[Data excerpt]:
-------

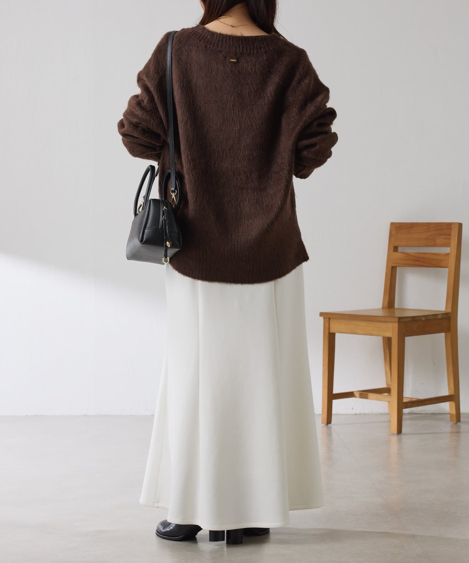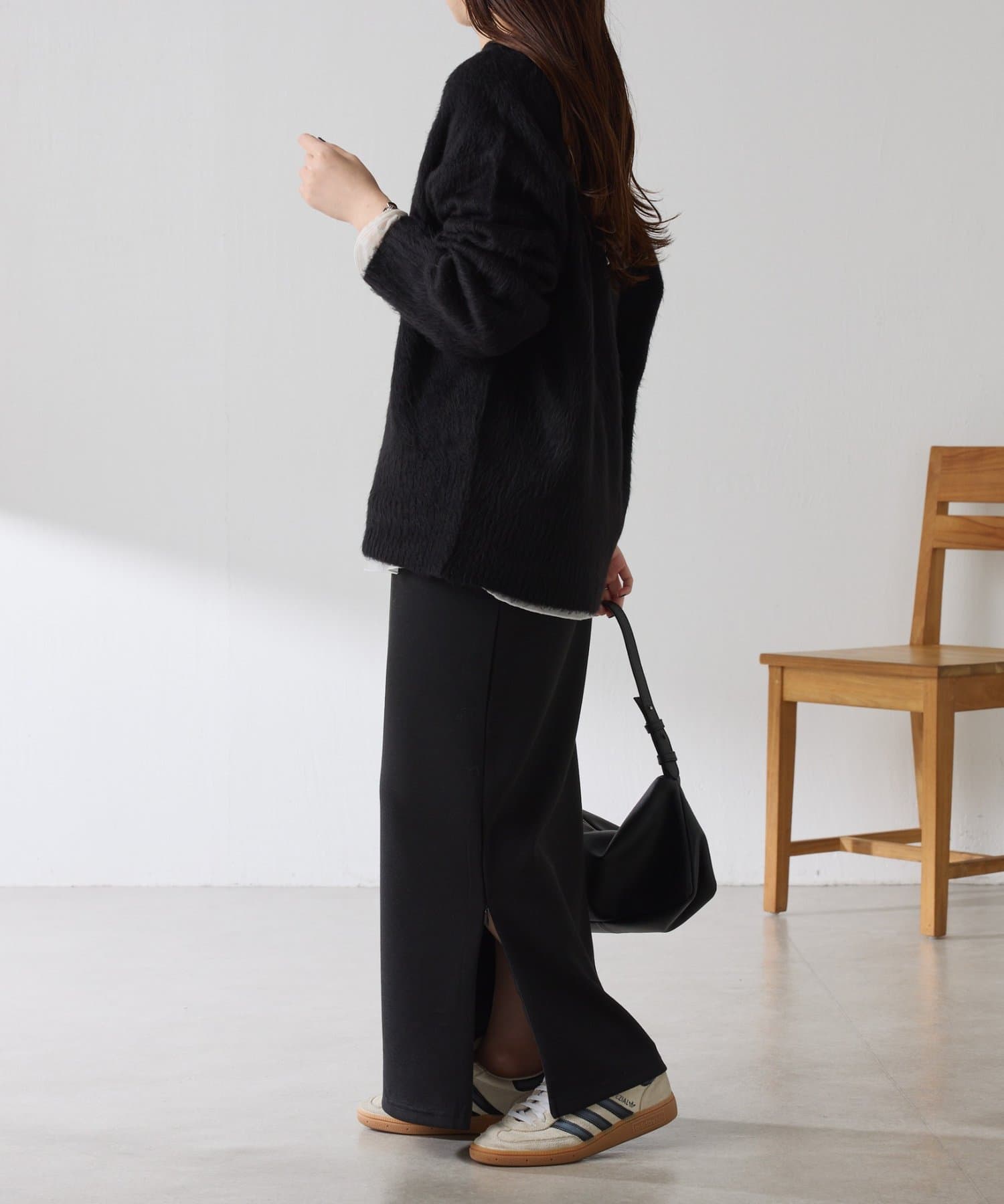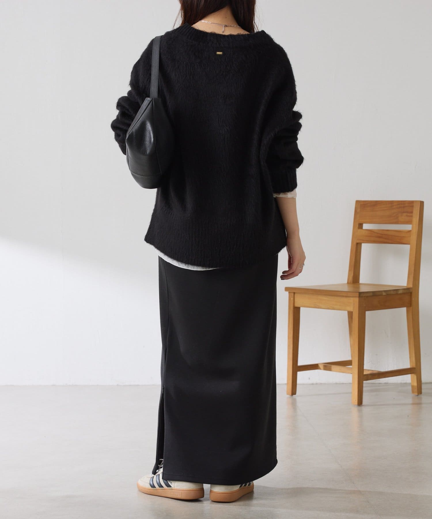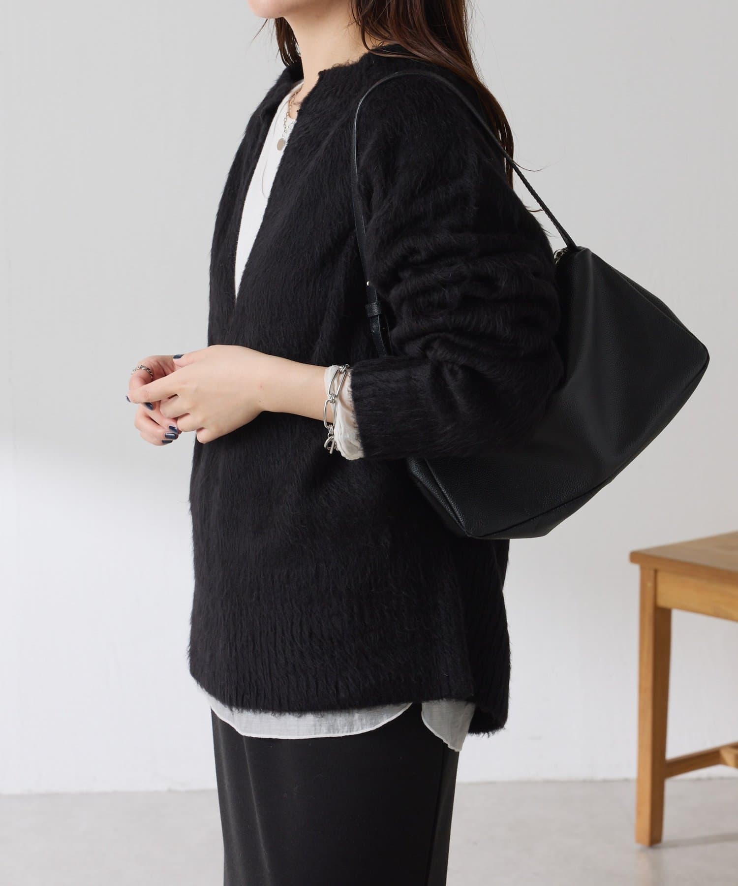 ・とにかく軽いエアリーな糸を使用した深Vニット。着ぶくれ感もなく、ストレスフリーな着心地です。
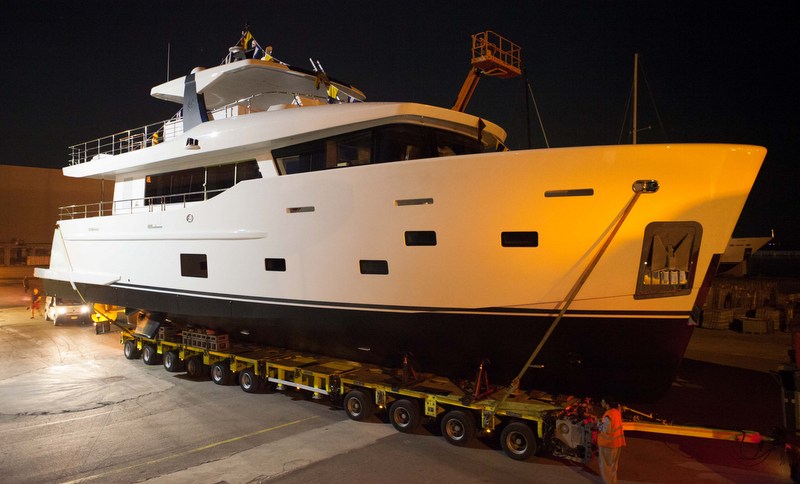This image is featured as part of the article Photos from night transport of first CdM Nauta Air 86′ motor yacht YOLO.
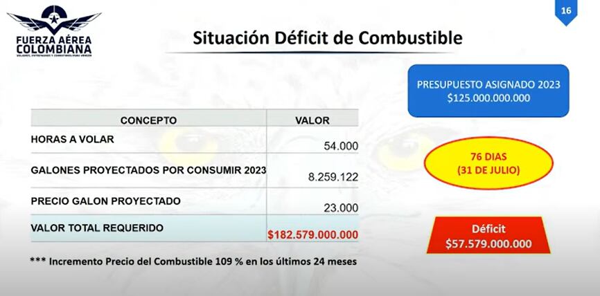 Y aquí viene la alerta: este año se tienen proyectadas 54 mil horas de vuelo, es decir se necesitan 8.259.000 galones de combustible que cuestan $182.000 millones, pero recibieron $125.000 millones. El hueco es grande, el déficit es superior a los $57 mil millones.
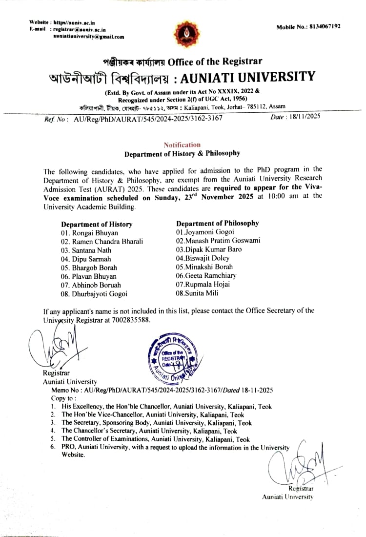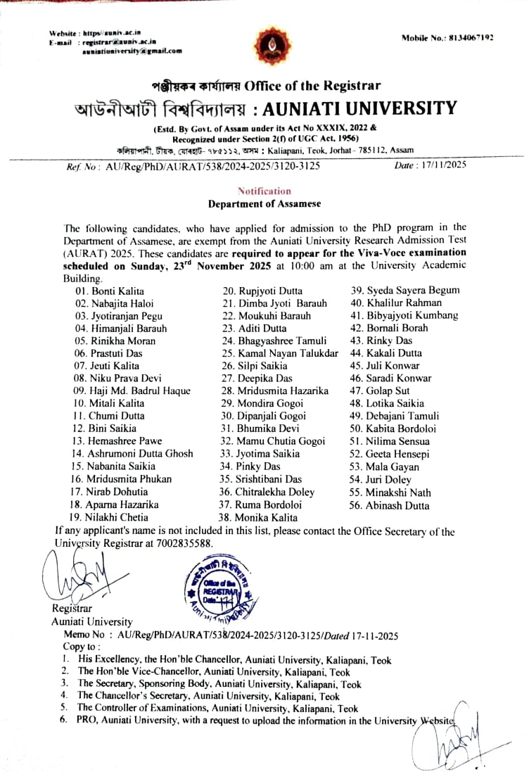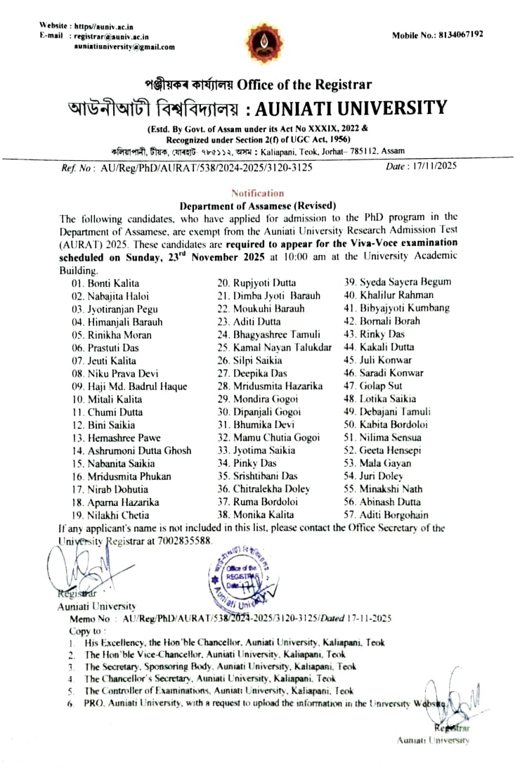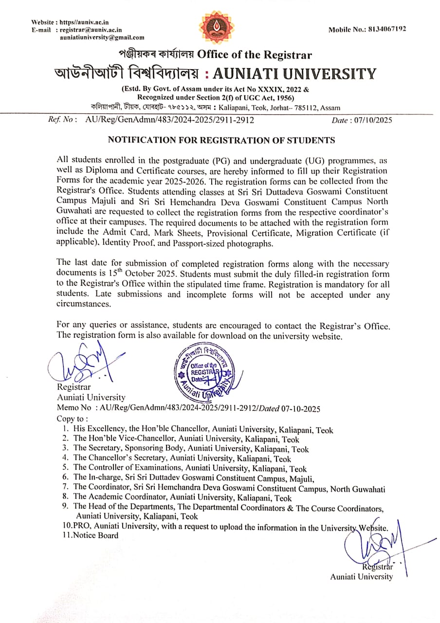 Auniati University, established on November 8, 2022, is a pioneering institution deeply rooted in the rich cultural and spiritual heritage of Assam, India. The university's foundation is inspired by the age-old Vaishnavite traditions of Assam, which emphasize humility, non-violence, self-discipline, truthfulness, and service to others. These values...

-------

[What to do]:
Repeat the data above in full and exactly. Omit every image.

[Answer]:
 ・とにかく軽いエアリーな糸を使用した深Vニット。着ぶくれ感もなく、ストレスフリーな着心地です。
This image is featured as part of the article Photos from night transport of first CdM Nauta Air 86′ motor yacht YOLO.
 Y aquí viene la alerta: este año se tienen proyectadas 54 mil horas de vuelo, es decir se necesitan 8.259.000 galones de combustible que cuestan $182.000 millones, pero recibieron $125.000 millones. El hueco es grande, el déficit es superior a los $57 mil millones.
 Auniati University, established on November 8, 2022, is a pioneering institution deeply rooted in the rich cultural and spiritual heritage of Assam, India. The university's foundation is inspired by the age-old Vaishnavite traditions of Assam, which emphasize humility, non-violence, self-discipline, truthfulness, and service to others. These values...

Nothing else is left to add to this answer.